At 0.6490, NZD/USD is holding on to bullish territory but looking over the abyss following Monday's roller-coaster ride where the price fell to a low of 0.6422 in mid-day Asia trade. The bird is not airborne again but is up against four-hour resistance around 0.65 the figure.
''The bounce off overnight lows looks to have been courtesy of broad USD weakness as bond yields there slip back below 3%,'' analysts at ANZ Bank noted. As measured by the 10-year Treasury yield, US yields are falling on the second day of trade this week, down from the 3.062% highs to lows of 2.963%. Consequently, the greenback was dropping to the lows of the day near 102.26 at the time of writing, as measured by the US dollar index (DXY), vs. a basket of six currencies.
''There is no local data today, and the Kiwi is likely to continue to dance to a global beat, and it’s arguable that the greatest source of downside is USD weakness, whereas domestic factors (hard landing etc) appear to pose more downside risks,'' the analysts at ANZ Bank said.

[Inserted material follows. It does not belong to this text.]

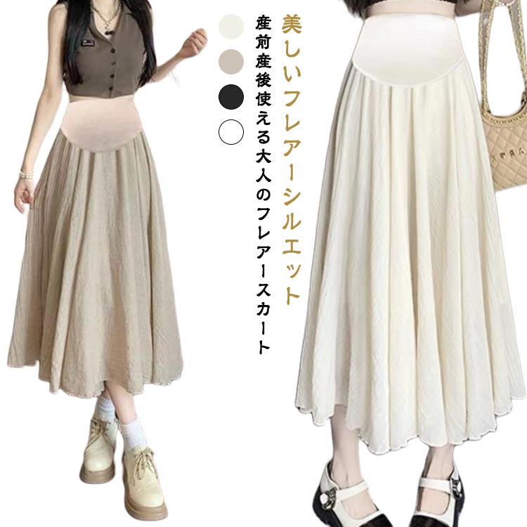 美しいフレアーシルエット 産前産後使える大人のフレアースカートサラッとした生地だから、暑い日でも快適に着用していただけます。

In prior notes, the analysts explained that ''higher rates are helping the Kiwi (that’s evident in NZD/AUD) but it’s likely that the May MPS marked peak RBNZ ‘hawkish surprise’. It’s hard to see future MPSs being so hawkish relative to market expectations; that makes us more cautious than otherwise on the NZD’s prospects. Fears of a hard landing here also continue to percolate; that’s another potential NZD headwind.''
The price is meeting a key resistance area and if this were to hold, the bias will be on the downside again for a potential lower low within the broader bear trend.